Officers watched him head back to his Falcon in heavy rain at the end of the day and tried to pull him over, but Cunningham immediately crossed to the wrong side of the road and ran a red light before taking off at speed along London Circuit.

Police arrested him outside court later in the trial, which ended with him admitting his guilt, and he has been behind bars ever since.

He appeared via audio-visual link from the Alexander Maconochie Centre on Thursday, when prosecutor Lauren Knobel described his offending as "contumacious".

Ms Knobel asked Mr Cook to disqualify Cunningham from driving indefinitely, saying the 35-year-old had repeatedly placed members of the public at risk on the roads and "verbalised his lack of remorse".

She said Cunningham had recently told the author of a court-ordered report that he planned to continue driving upon his release from custody even if he was still disqualified.

Christopher Cunningham smokes the very last remnants of a cigarette outside court in 2020. Picture: Blake Foden

But Mr Pasi said Cunningham had made that statement, which the offender now regretted, while "frustrated and angry".

He told the court Cunningham, a father of four children, including a daughter born since his incarceration, was "making efforts to turn the corner".

The lawyer added that Cunningham wished to apologise to the court for his "misbehaviour" behind the wheel, and to the road rage victim who was "traumatised" by the October episode.

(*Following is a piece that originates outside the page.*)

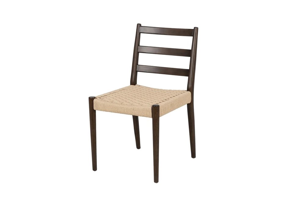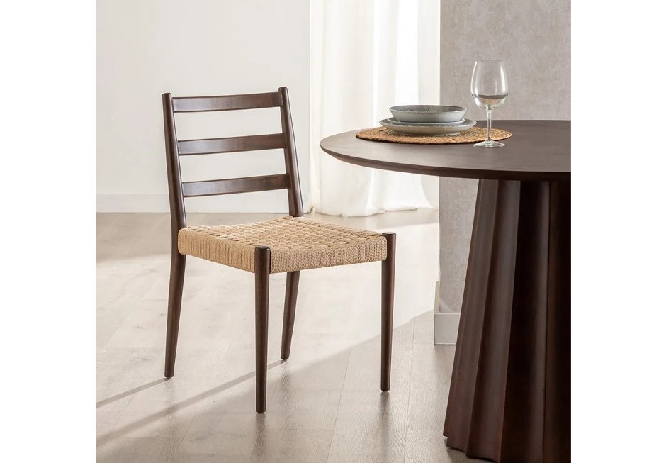 Chair with wooden rubber frame and knitted seat. Available in dimensions 44x50x80h cm and seat height 43,5h cm.

Mr Cook ultimately declined to order an indefinite driving disqualification, but the magistrate expressed concern in sentencing that Cunningham appeared to be a "totally high risk of reoffending" unless his attitude changed substantially prior to his release.

"I hope that you do change," he told the offender.

While Cunningham will now be eligible for parole in August 2023, he told the court he would not apply for early release and that he would instead stay behind bars until the July 2025 expiry of his new total sentence.